Data shown >>
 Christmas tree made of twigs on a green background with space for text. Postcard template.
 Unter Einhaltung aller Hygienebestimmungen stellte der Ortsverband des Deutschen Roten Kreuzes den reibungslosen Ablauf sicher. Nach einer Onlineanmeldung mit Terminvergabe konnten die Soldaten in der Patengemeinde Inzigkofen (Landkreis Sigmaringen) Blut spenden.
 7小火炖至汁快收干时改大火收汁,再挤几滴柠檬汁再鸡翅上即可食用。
==
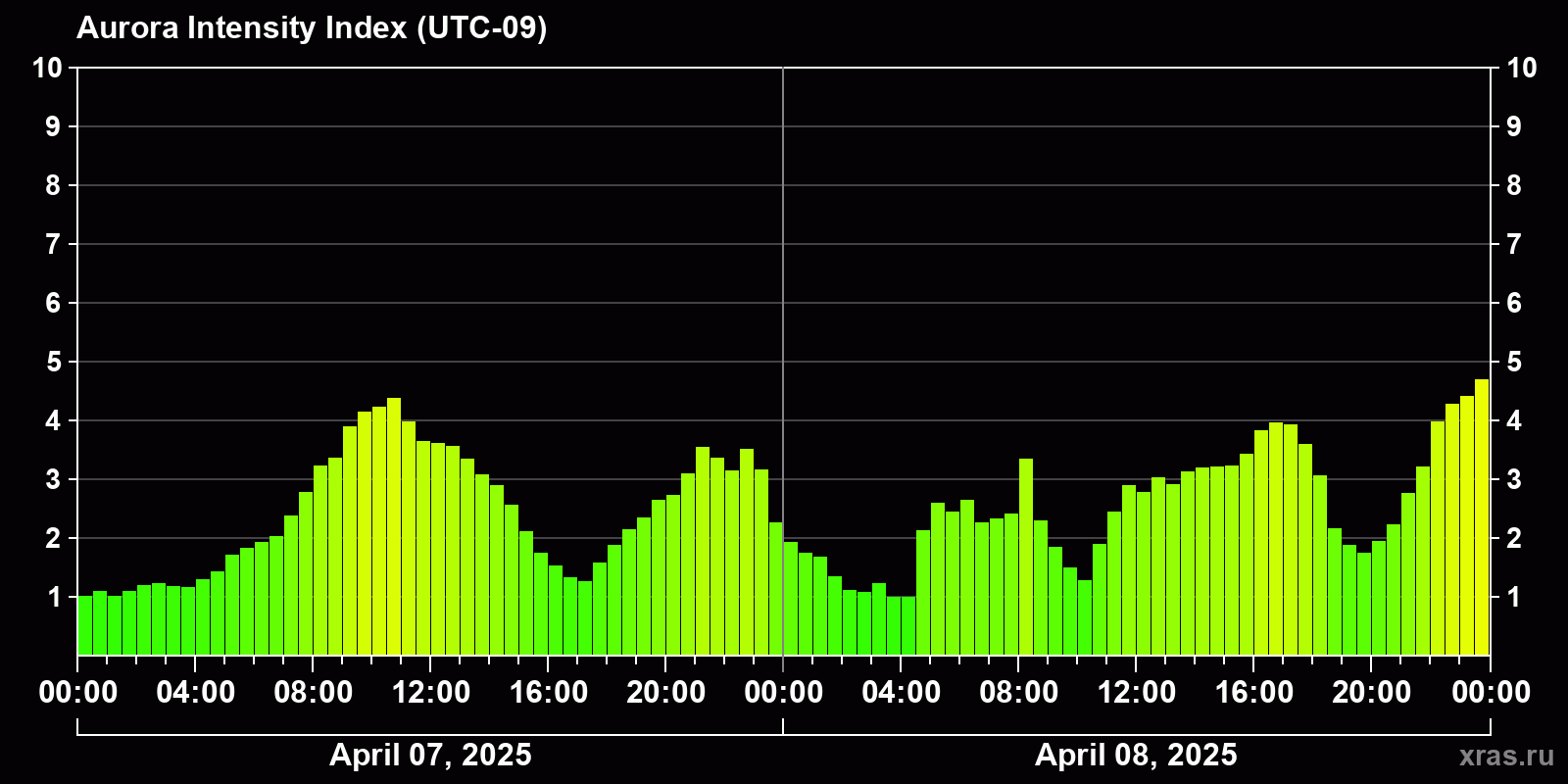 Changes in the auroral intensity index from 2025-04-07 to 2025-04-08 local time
...
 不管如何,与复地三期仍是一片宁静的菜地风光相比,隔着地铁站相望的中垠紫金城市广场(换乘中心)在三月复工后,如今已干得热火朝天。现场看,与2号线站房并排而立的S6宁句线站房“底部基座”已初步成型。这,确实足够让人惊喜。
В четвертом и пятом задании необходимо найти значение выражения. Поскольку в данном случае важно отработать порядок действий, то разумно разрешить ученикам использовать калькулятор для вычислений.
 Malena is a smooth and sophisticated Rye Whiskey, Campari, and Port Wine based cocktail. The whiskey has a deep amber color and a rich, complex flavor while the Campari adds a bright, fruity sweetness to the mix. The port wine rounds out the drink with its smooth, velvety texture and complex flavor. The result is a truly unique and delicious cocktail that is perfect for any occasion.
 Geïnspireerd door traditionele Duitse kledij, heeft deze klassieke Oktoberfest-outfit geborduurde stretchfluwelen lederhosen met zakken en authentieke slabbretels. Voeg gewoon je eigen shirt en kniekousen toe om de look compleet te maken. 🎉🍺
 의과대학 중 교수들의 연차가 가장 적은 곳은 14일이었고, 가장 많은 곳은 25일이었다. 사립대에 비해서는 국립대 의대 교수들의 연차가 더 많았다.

Exercise details >> Go over the listing above and copy out each line that includes "with".

Problem solution >>
 Christmas tree made of twigs on a green background with space for text. Postcard template.
 Malena is a smooth and sophisticated Rye Whiskey, Campari, and Port Wine based cocktail. The whiskey has a deep amber color and a rich, complex flavor while the Campari adds a bright, fruity sweetness to the mix. The port wine rounds out the drink with its smooth, velvety texture and complex flavor. The result is a truly unique and delicious cocktail that is perfect for any occasion.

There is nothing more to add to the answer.